FileUpload(value=(), accept='.png', description='Upload')

In [6]:
print(uploader.value)

({'name': 'moon_city.png', 'type': 'image/png', 'size': 2812795, 'content': <memory at 0x10f736740>, 'last_modified': datetime.datetime(2025, 11, 13, 23, 11, 13, 130000, tzinfo=datetime.timezone.utc)},)


In [7]:
import base64

# Get the first (and only) uploaded file dict
uploaded_file = uploader.value[0]

# This is a memoryview
content_mv = uploaded_file["content"]

# Convert memoryview -> bytes
img_bytes = bytes(content_mv)  # or content_mv.tobytes()

# Now base64 encode
img_b64 = base64.b64encode(img_bytes).decode("utf-8")

In [8]:
multimodal_question = HumanMessage(content=[
    {"type": "text", "text": "Tell me about this capital"},
    {"type": "image", "base64": img_b64, "mime_type": "image/png"}
])

response = agent.invoke(
    {"messages": [multimodal_question]}
)

print(response['messages'][-1].content)

Nova Asterion, capital of the Jovian Pact, sits like a gleaming crown on the pale crust of a moon orbiting a colossal gas giant. The image you’ve shared captures its atmosphere: a city built for scarcity and grandeur, with gravity-defying architecture that hums under the light of a banded planet hanging in the sky.

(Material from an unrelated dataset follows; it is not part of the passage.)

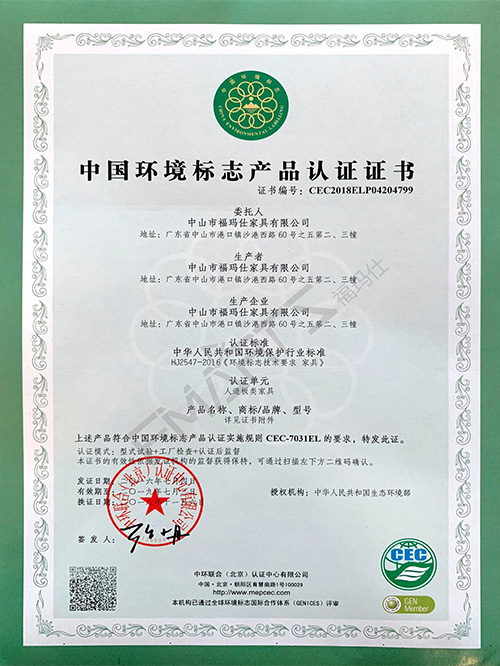 福瑪仕中國環(huán)境標(biāo)志產(chǎn)品認(rèn)證證書

What makes Nova Asterion unique
- Architecture: Asterion is a lattice of vertical spires and circular hubs linked by glassy skyways and mag-lev belts. Central to the skyline is the Convergence Spire, a tapered monument that houses the Pact’s high council and the city’s primary power core. Dome-covered markets and research domes nestle between the towers, creating a city of light and shadow rather than asphalt and brick.
- Lighting and climate: The domes are clad in nano-matrix sunscreens that shift opacity with the planet’s daylight cycle, giving the city a perpetual dusky glow. Inside, climate domes and aquifer networks keep living spaces temperate, while the outer ring ne

## Audio input

In [9]:
import sounddevice as sd
from scipy.io.wavfile import write
import base64
import io
import time
from tqdm import tqdm

# Recording settings
duration = 5  # seconds
sample_rate = 44100

print("Recording...")
audio = sd.rec(int(duration * sample_rate), samplerate=sample_rate, channels=1)
# Progress bar for the duration
for _ in tqdm(range(duration * 10)):   # update 10× per second
    time.sleep(0.1)
sd.wait()
print("Done.")

# Write WAV to an in-memory buffer
buf = io.BytesIO()
write(buf, sample_rate, audio)
wav_bytes = buf.getvalue()

aud_b64 = base64.b64encode(wav_bytes).decode("utf-8")

Recording...


100%|██████████| 50/50 [00:05<00:00,  9.57it/s]


Done.


In [10]:
agent = create_agent(
    model='gpt-4o-audio-preview',
)

multimodal_question = HumanMessage(content=[
    {"type": "text", "text": "Tell me about this audio file"},
    {"type": "audio", "base64": aud_b64, "mime_type": "audio/wav"}
])

response = agent.invoke(
    {"messages": [multimodal_question]}
)

print(response['messages'][-1].content)

In the sunlit spots, they love to lay,  
With velvet paws, they prance and play.  
Mischief in their emerald eyes,  
Graceful leaps that touch the skies.

Purring softly in the night,  
Their gentle gaze a soothing light.  
Independent, yet they roam,  
Bringing warmth to every home.

Whiskers twitch and tails that sway,  
Mystic creatures of night and day.  
Silent steps and curious minds,  
In feline hearts, true friends we find.